В громе и сиянии победных залпов сорок пятого года мне видятся отблески орудийных вспышек сорок первого, слышатся команды охрипших голосов командиров батарей и отчаянное «Ура!» поднявшихся, может, в свою последнюю смертельную атаку бойцов сибирских полков. Минуло столько лет с той снежной морозной осени и начала зимы сорок первого года, когда мои земляки, воины бессмертной 413-й стрелковой, встали на пути врага. И в этой схватке не на жизнь, а на смерть тысячи бойцов и командиров сложили головы.

Словно сквозь пелену тумана проступают друг за другом родные русские лица – одухотворённые величием подвига, ещё не искажённые болью последнего боя. Лица командиров и бойцов живущего в нашей памяти Бессмертного полка. И вместе с ними сквозь пелену туманной дымки проступают их имена. Много имён! И все они достойны быть названы: Подполковник Корнеев – командир 1322 стрелкового полка. Комиссар Киселёв – комиссар 1322 стрелкового полка. Капитан Тищенко – командир 1324 стрелкового полка. Капитан Смолюховский – начальник штаба 1324 стрелкового полка. Капитан Костюк – командир 2-го батальона 1324 стрелкового полка. Майор Ключников – командир 1320 стрелкового полка. Младший лейтенант Постовой – командир артиллерийского взвода. Политрук Коровин – комиссар батареи. Сержант Бережной – командир орудия. Младший лейтенант Витковский – командир истребительно-диверсионной группы штаба 413-й стрелковой дивизии.

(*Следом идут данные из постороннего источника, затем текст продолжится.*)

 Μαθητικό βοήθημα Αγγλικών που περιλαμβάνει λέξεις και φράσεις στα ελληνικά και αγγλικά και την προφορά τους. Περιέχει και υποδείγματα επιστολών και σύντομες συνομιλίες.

Котелин Михаил Степанович, 1909 г.р., убит Х1-41г.

Михайлов Андрей Кузьмич, 1906 г.р., убит Х1-41г.

Усольцев Михаил Александрович, 1908 г.р. (данных о дате, месте гибели и захоронения нет).

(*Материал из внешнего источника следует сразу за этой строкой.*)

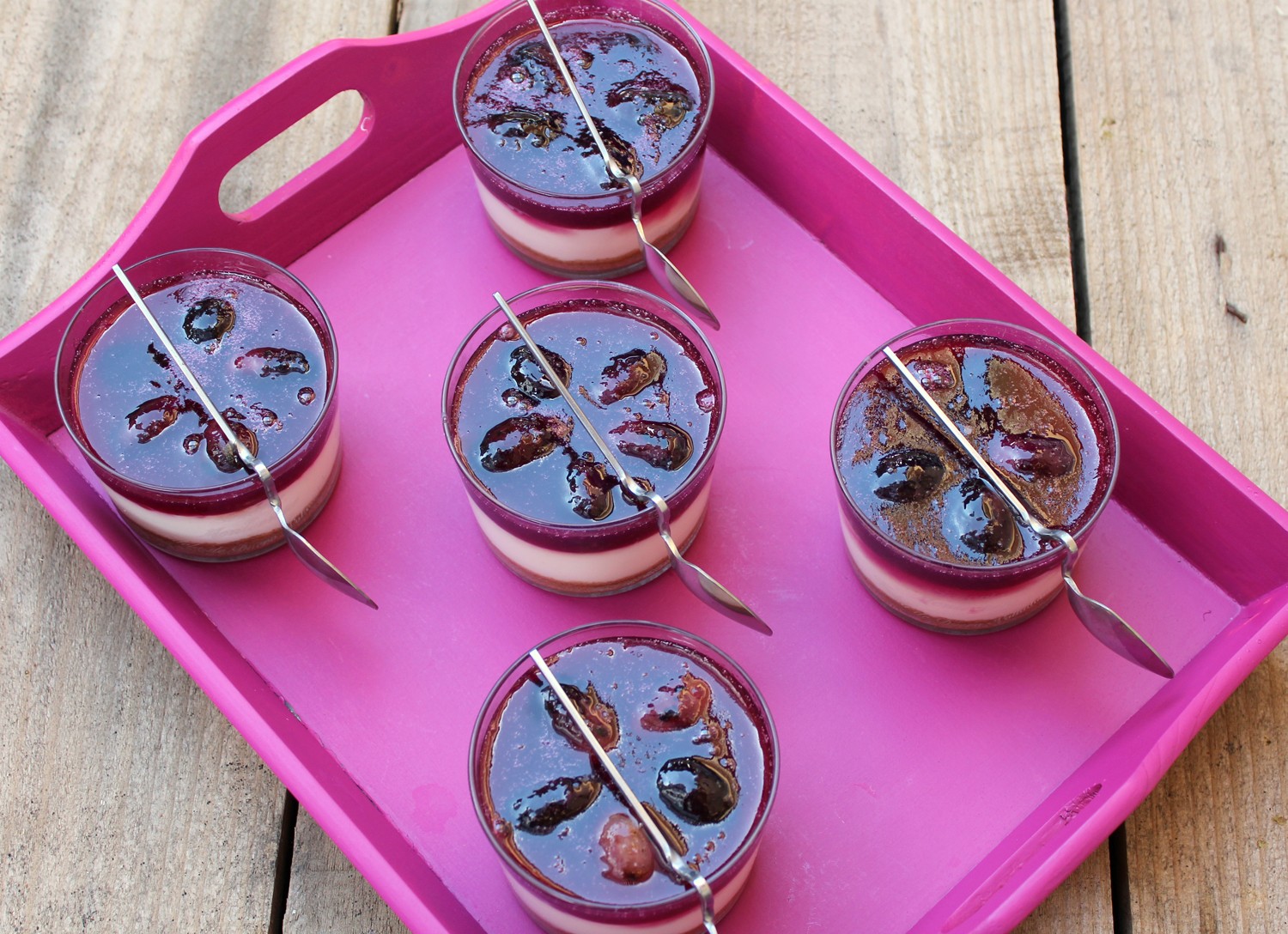 8. Cuando esté cuajada la crema de queso, sacamos de la nevera, colocamos cinco mitades de uva en su superficie y cubrimos con la jalea de uvas.

Савченко Андрей Петрович, 1912 г.р., 10.Х1.41г., пропал без вести.

Подолянченко Сергей Антонович, 1909 г.р., убит Х-41г.

Зеленков Виктор Иванович, 1921 г.р., пропал без вести.

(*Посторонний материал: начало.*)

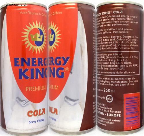 andhelps to provide fresh energy for both Isa rarbonated Cola based energy support urs and synthetic date of packaging / manufacture. See base kt 79, A 5441 Abtenau With Taurine & Callene ASTRIA- (0.4%). Citric acid, Colour (Caramel). otains permitted natural seno sitive to caffeine. Pasteurized. of can. Serial number, see base of can. phy sical and mental performance. Ingre redients: Water, Sucrose, Dextrose, Tau Bestst before within 24 months from the Not suitable for children and persons With Taurine & Cat6 Caffeine nich accelerates regeneration drim and phyical and mental performance. Gluc curonolactone (0.12%). Artificial fla- VOunrs, Caffeine (0.03%), Vitamins (Niacin Calcium-D-Pantothenate, Vitamin B6). rine ENERGRGY KINNG Nututrition Facts per 100 ml: Energy 196kJ (46kcal). Proteins < 22mg Ca erbohydrates I I.4 g. Fats 0 g. Vittamins: Niacin 8mg (44% RDA). Ca Glkium-D-Pantothenate 2mg (33% RDA). Vittamin B6 2mg (I00% RDA). RDA RODA recommended daily allowance. Enydrink 250ml PREMIUMIUM ple se recycle alu Ditributed by: Baler Powerdrinks it 79. A 5441 Abtenau AUSTRIA - EUROPE OLA COLA urs and synthetic ded flavours. e Chilled Serve Chilled 言 388

Петров Алексей Степанович, 1908 г.р., пропал без вести.

Варченко Василий Денисович, 1909 г.р., пропал без вести.

Шепчук Пётр Владимирович, 1918 г.р., пропал без вести.

Васильев Иван Ефимович, 1910 г.р., пропал без вести Х1-41г.

Васильев Андрей Петрович, 1907 г.р., пропал без вести Х1-41г.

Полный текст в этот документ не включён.